Blanco’s counsel contends that a doubt arises as to whether the ordinance in question was in force
at the date of its alleged violation. Section 9 of Act No. 2677 states that it will take effect from the date of its
approval by the honorable provincial board.

Blanco’s Counsel further contends that since no affirmative proof was offered in the court below as
to the date of approval of the ordinance, the court had no evidence before it on which to base a finding that
the ordinance was in force at the date of its alleged violation.

ISSUE:

Whether or not the Court of First Instance and the Court of Justice of the Peace of Zambales
should take judicial notice of Act No. 2677 without introduction of evidence.

HELD:

Yes, the Court of First Instance and the Court of Justice of the Peace of Zambales should take
judicial notice of Act No. 2677 without introduction of evidence.

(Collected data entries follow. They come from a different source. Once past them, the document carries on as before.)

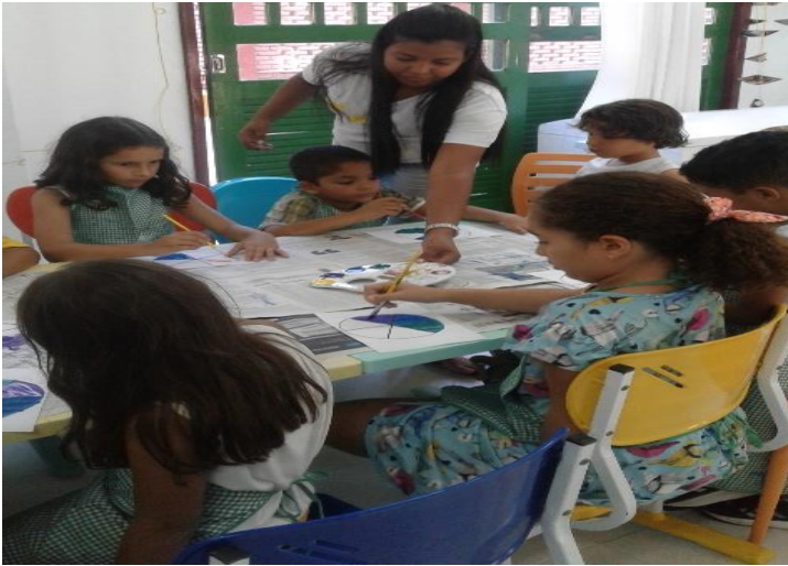
Figura 7: momento da explicação da atividade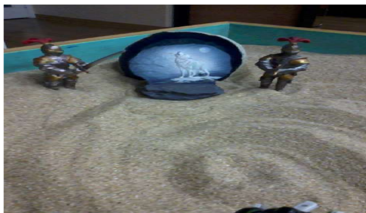
Figure 3. Rock with Wolf Howling and Two Guards

In this stage, the old ego patterns, i.e., old circumstances and elements, are eliminated. Old attitudes are washed away and purified, leaving only the valuable attitudes and actions. In sandplay, this stage would be represented through washing, wiping, taking a bath, or peeing; figures that express anguish and grief would be used; symbolisms related to easing of hardened emotions and crying would appear (Jang, 2017).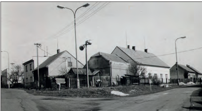
Pohled na křižovatku ulic v dubnu 1984. Zleva čp. 320, 297, 293, 319, 530 a 838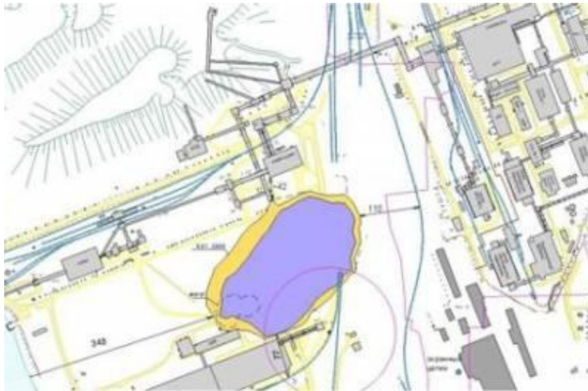
провал в январе 2008г.

К январю 2008 г. провал в плане составлял уже 337 x 202 м, в коренных породах – 305 x 170 м. Обрушения продолжались в рыхлых породах на север в сторону здания новой сушки и с восточного борта провала. Расстояние от провала до действующей обводной железнодорожной ветки на составляло уже всего 105 м. Общий объем пустот в руднике - 81,7 млн. куб. м. Из них к январю было заполнено рассолами около 43,09 млн. куб. метров.

Courts should take judicial notice of domestic laws which they are required to enforce, as well as
municipal or city ordinances in force in the municipality or city where they sit, even without such laws or
ordinances being actually introduced in evidence.

Here, there is no need to offer evidence to prove that the ordinance was in force at the time of its
alleged violation because it is mandatory for the Court of First Instance and the Court of the Justice of the
Peace of Zambales to take judicial notice of Act No. 2677.